Wednesday, June 13, 2012

long awaited return to wonderful strange ports of call...,



gmanetwork | In the early years of China's rise to economic and military prowess, the guiding principle for its government was Deng Xiaoping's maxim: "Hide Your Strength, Bide Your Time."

Now, more than three decades after paramount leader Deng launched his reforms, that policy has seemingly lapsed or simply become unworkable as China's military muscle becomes too expansive to conceal and its ambitions too pressing to postpone.

The current row with Southeast Asian nations over territorial claims in the energy-rich South China Sea (also called West Philippine Sea) is a prime manifestation of this change, especially the standoff with the Philippines over Pantag (Scarborough) Shoal.

"This is not what we saw 20 years ago," said Ross Babbage, a defense analyst and founder of the Canberra-based Kokoda Foundation, an independent security policy unit.

"China is a completely different actor now. Security planners are wondering if it is like this now, what is it going to be like in 20 years time?"

As China also continues to modernize its navy at breakneck speed, a growing sense of unease over Beijing's long-term ambitions has galvanized the exact response Deng was anxious to avoid, regional security experts say.

In what is widely interpreted as a counter to China's growing influence, the United States is pushing ahead with a muscular realignment of its forces towards the Asia-Pacific region, despite Washington's fatigue with wars in Iraq and Afghanistan and the Pentagon's steep budget cuts.

And regional nations, including those with a history of adversarial or distant relations with the United States, are embracing Washington's so-called strategic pivot to Asia.
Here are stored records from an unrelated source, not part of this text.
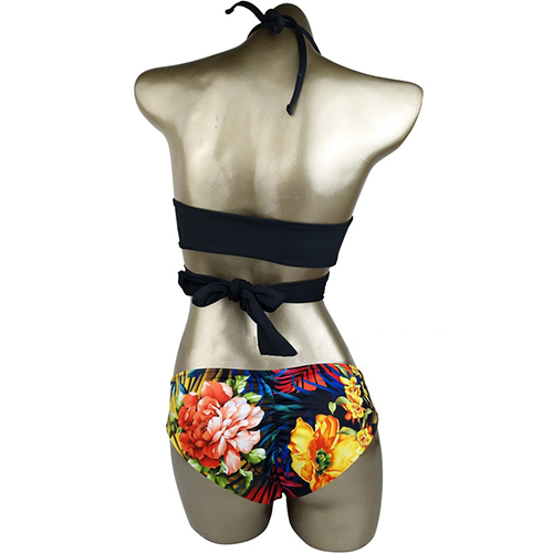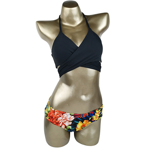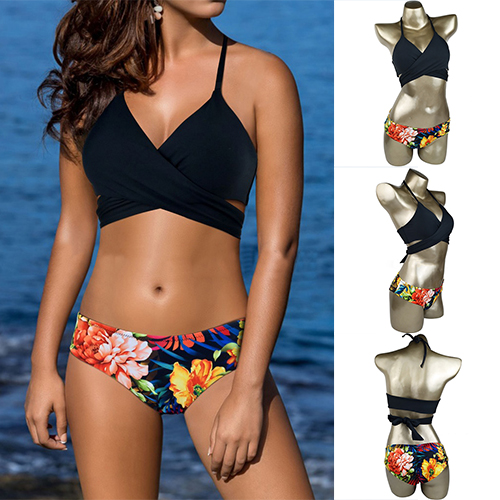 bikini set. Including a crossover black bra and a low-waist printed briefs,this bikini set will give you a happy beach trip.
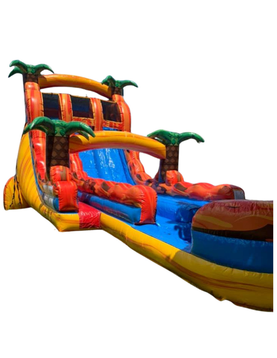 Get ready for double the fun with our 19' dual-lane hybrid slide rental! This isn’t just any slide—it’s a hybrid, meaning both lanes are extended longer than a standard slide, with the length of the slide stretching nearly 40 feet of sliding excitement!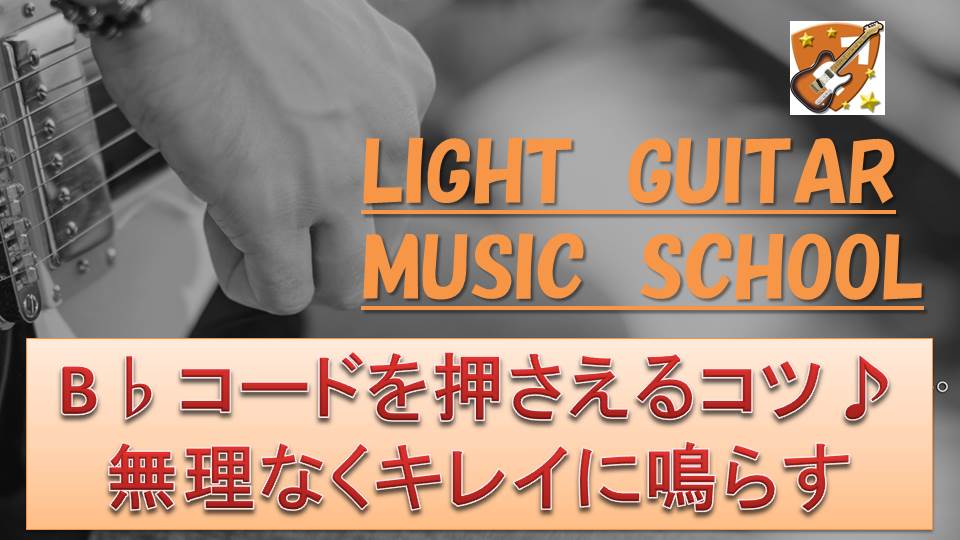 5弦ルートでのバレーコード B♭の押さえ方を解説しています。 これも、押さえるポイントを知っていれば必ず弾けるようになります! 5弦ルートの場合は薬指でのセーハがポイントです。 About The Author福岡LGMS音楽教室【LIGHT GUITAR MUSIC SCHOOL】ギター講師松尾領一郎これまで、多くのバンド活動・サポート活動・作詞・作曲・レコーディング・メジャー流通のアーティストへの楽曲提供・演奏活動・CM曲・プロモーションを行ってきました。福岡LGMS音楽教室【LIGHT GUITAR MUSIC SCHOOL】Follow :Recent Articles Of This Author2025年12月2日お知らせLIVEHOUSE SHOWCACE vol.2でした!2025年11月29日(土)2025年11月20日あの名曲のギターフレーズを弾こう!SPARKギターTAB譜・コード/THE YELLOW MONKEY2025年11月19日あの名曲のギターフレーズを弾こう!主人公ギターTAB譜・コード/SUPER BEAVER2025年11月7日あの名曲のギターフレーズを弾こう!今夜のクリスマス ギターTAB譜/川崎鷹也【イントロ】2025年11月2日お知らせLiveHouse Showcase Vol.2開催!2025年10月29日あの名曲のギターフレーズを弾こう!心を開いて/ZARDギターTAB譜松尾領一郎の記事一覧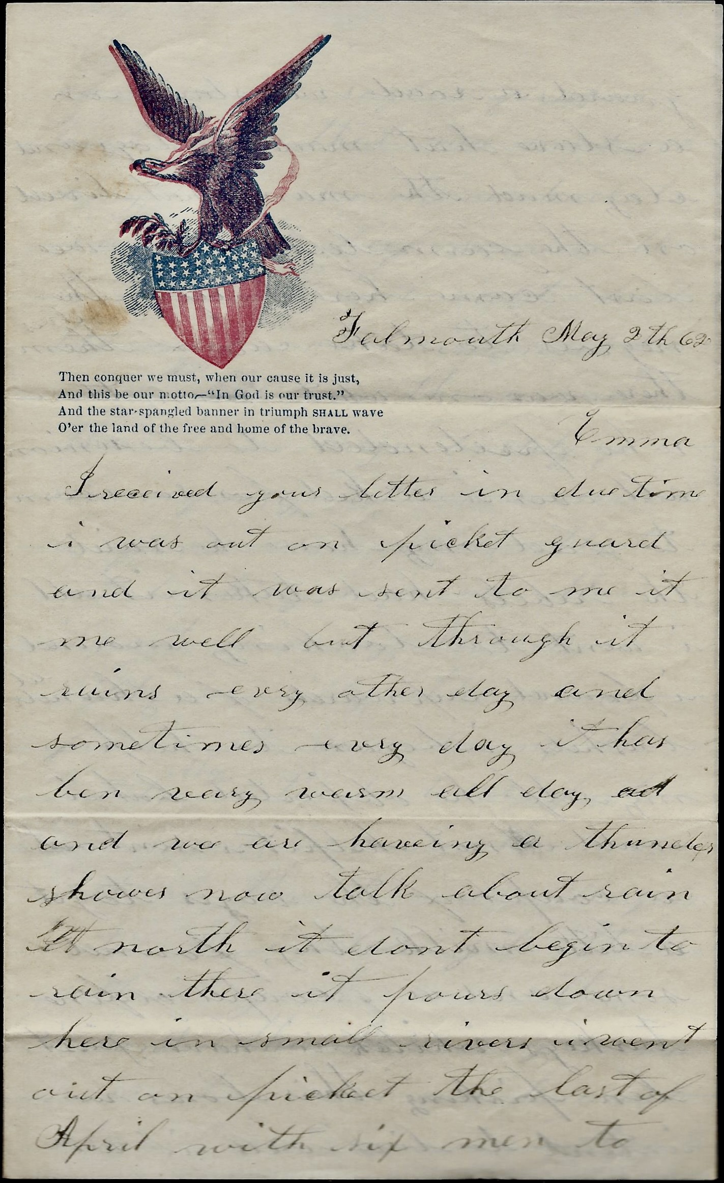 I received your letter in due time. I was out on picket guard and it was sent to me. It [found] me well but [soaked] through. It rains every other day and sometimes every day. It has been very warm all day and we are having a thunder shower now. Talk about rain [in the] North. It don’t begin to rain there. It pours down here in small rivers.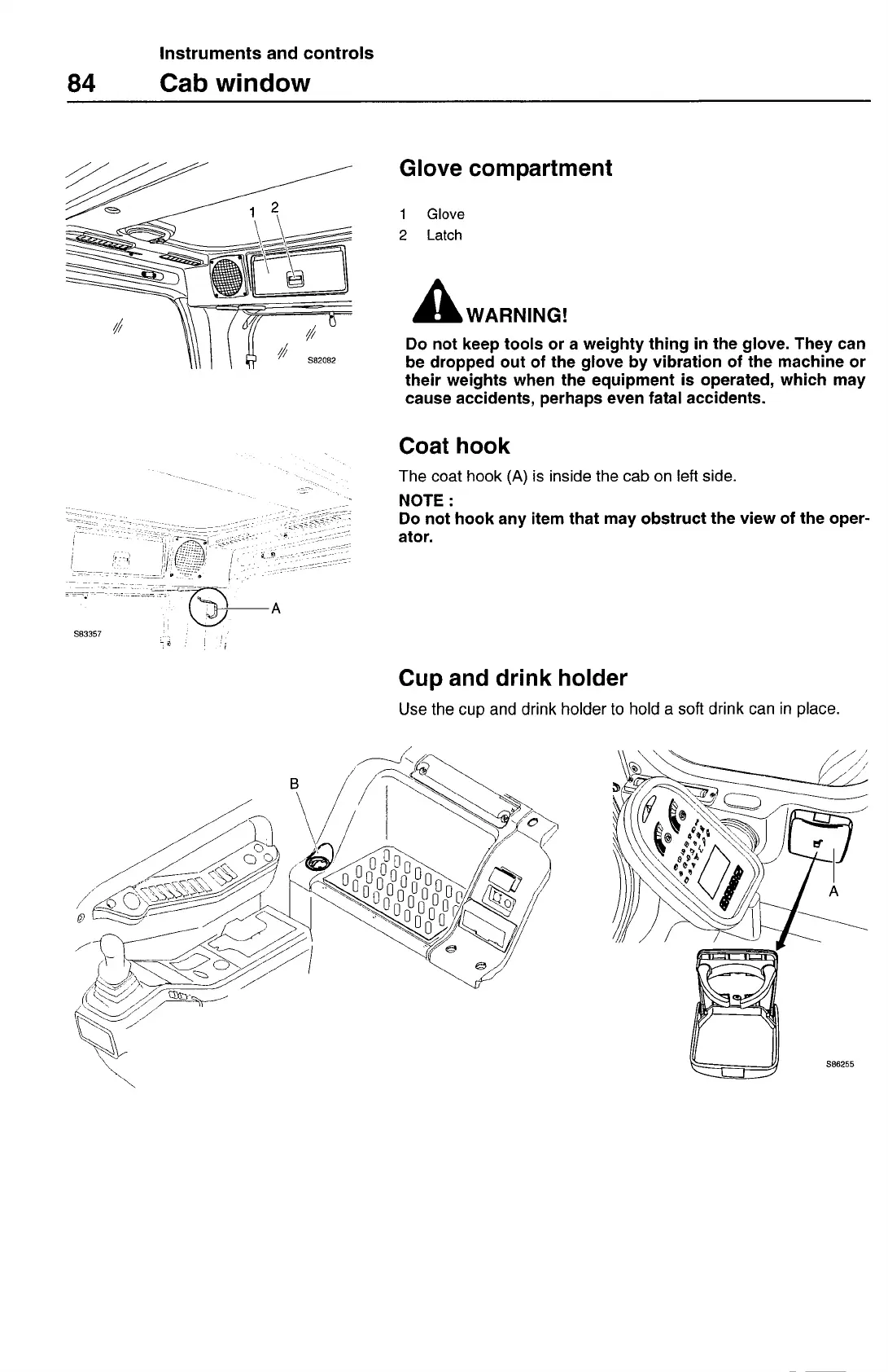 The coat hook (A) is inside the cab on left side.

"In recent years, because of the tensions and disputes in the South China Sea, most regional states in Southeast Asia seem to welcome and support US strategic rebalancing in the region," said Li Mingjiang, an assistant professor and China security policy expert at Singapore's Nanyang Technological University.

"Very likely, this trend will continue in coming years."

Last week, US Defense Secretary Leon Panetta laid out the details of the firepower the Obama administration plans to swing to the Asia-Pacific region.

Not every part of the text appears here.